*** Opening Supplied data ***

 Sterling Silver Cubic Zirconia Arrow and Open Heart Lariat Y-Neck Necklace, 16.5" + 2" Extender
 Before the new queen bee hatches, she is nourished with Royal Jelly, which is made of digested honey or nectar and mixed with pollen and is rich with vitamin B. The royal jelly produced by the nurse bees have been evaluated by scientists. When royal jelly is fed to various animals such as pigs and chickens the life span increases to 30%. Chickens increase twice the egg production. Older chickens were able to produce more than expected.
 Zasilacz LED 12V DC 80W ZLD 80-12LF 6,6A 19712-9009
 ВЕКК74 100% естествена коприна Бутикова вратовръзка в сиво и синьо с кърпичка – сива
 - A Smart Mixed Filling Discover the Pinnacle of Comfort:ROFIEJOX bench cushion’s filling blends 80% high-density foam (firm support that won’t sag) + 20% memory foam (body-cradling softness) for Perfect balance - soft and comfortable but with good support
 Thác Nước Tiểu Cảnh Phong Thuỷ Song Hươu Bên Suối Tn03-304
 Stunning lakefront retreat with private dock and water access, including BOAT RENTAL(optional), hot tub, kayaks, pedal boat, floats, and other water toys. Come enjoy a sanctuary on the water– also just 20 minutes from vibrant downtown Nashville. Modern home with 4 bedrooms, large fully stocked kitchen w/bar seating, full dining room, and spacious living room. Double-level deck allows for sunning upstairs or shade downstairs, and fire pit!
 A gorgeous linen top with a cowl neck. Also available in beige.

*** Closing Supplied data ***
*** Opening Supplied data ***

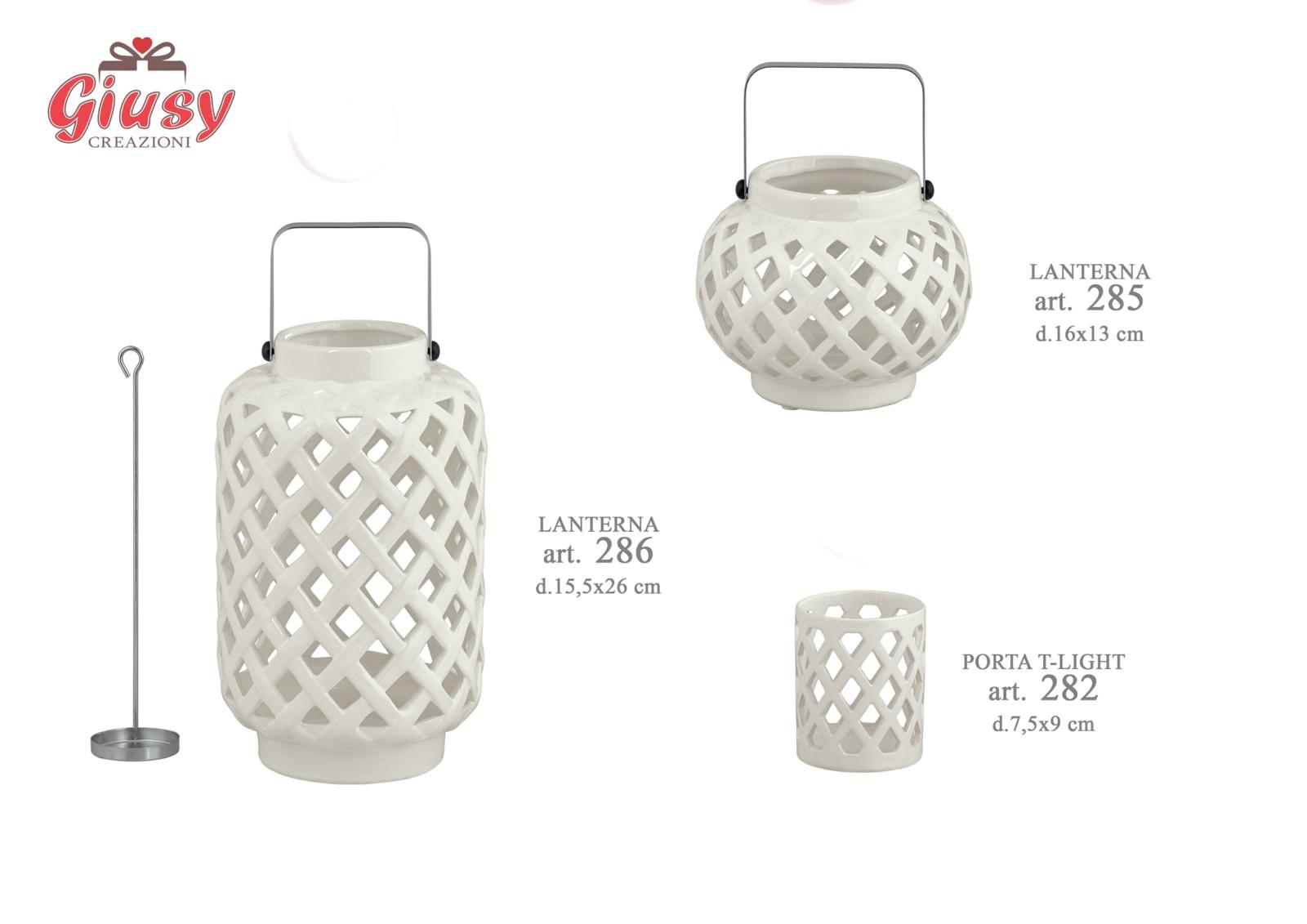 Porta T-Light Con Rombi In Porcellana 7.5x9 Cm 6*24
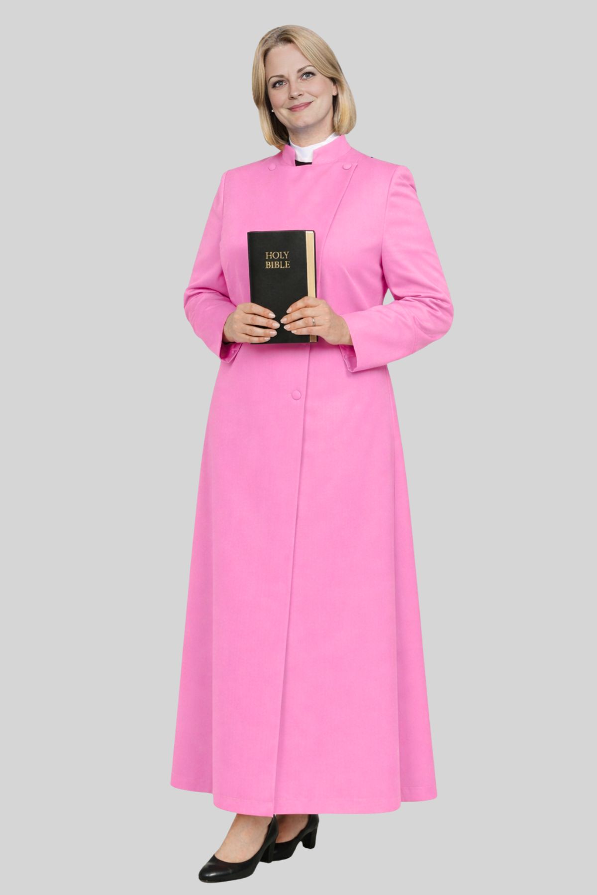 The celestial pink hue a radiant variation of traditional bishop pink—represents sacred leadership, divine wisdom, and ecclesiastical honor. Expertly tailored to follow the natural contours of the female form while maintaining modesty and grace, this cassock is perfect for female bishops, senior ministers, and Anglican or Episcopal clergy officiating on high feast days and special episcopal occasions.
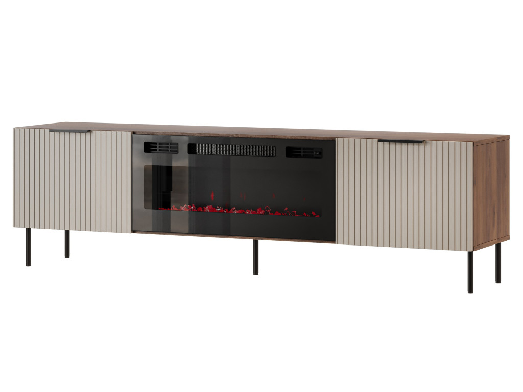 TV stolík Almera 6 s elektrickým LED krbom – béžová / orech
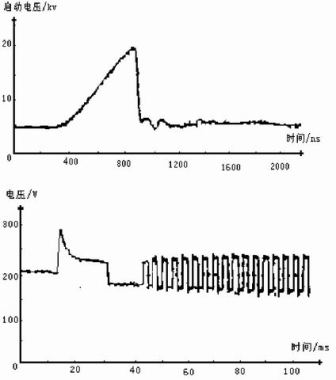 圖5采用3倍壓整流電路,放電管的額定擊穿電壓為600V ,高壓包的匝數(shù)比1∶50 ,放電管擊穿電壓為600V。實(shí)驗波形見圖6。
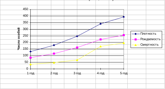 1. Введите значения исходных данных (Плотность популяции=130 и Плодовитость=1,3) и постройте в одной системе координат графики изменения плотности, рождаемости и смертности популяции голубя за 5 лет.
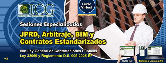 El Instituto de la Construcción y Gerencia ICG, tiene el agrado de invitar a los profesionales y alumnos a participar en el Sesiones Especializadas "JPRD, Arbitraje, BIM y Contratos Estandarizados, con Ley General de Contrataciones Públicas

*** Closing Supplied data ***

_Work to complete_
Look above for the line containing "Sterling Silver Cubic". Output from there through the line containing "Thác Nước Tiểu", exactly and inclusively.

_Exercise output_
 Sterling Silver Cubic Zirconia Arrow and Open Heart Lariat Y-Neck Necklace, 16.5" + 2" Extender
 Before the new queen bee hatches, she is nourished with Royal Jelly, which is made of digested honey or nectar and mixed with pollen and is rich with vitamin B. The royal jelly produced by the nurse bees have been evaluated by scientists. When royal jelly is fed to various animals such as pigs and chickens the life span increases to 30%. Chickens increase twice the egg production. Older chickens were able to produce more than expected.
 Zasilacz LED 12V DC 80W ZLD 80-12LF 6,6A 19712-9009
 ВЕКК74 100% естествена коприна Бутикова вратовръзка в сиво и синьо с кърпичка – сива
 - A Smart Mixed Filling Discover the Pinnacle of Comfort:ROFIEJOX bench cushion’s filling blends 80% high-density foam (firm support that won’t sag) + 20% memory foam (body-cradling softness) for Perfect balance - soft and comfortable but with good support
 Thác Nước Tiểu Cảnh Phong Thuỷ Song Hươu Bên Suối Tn03-304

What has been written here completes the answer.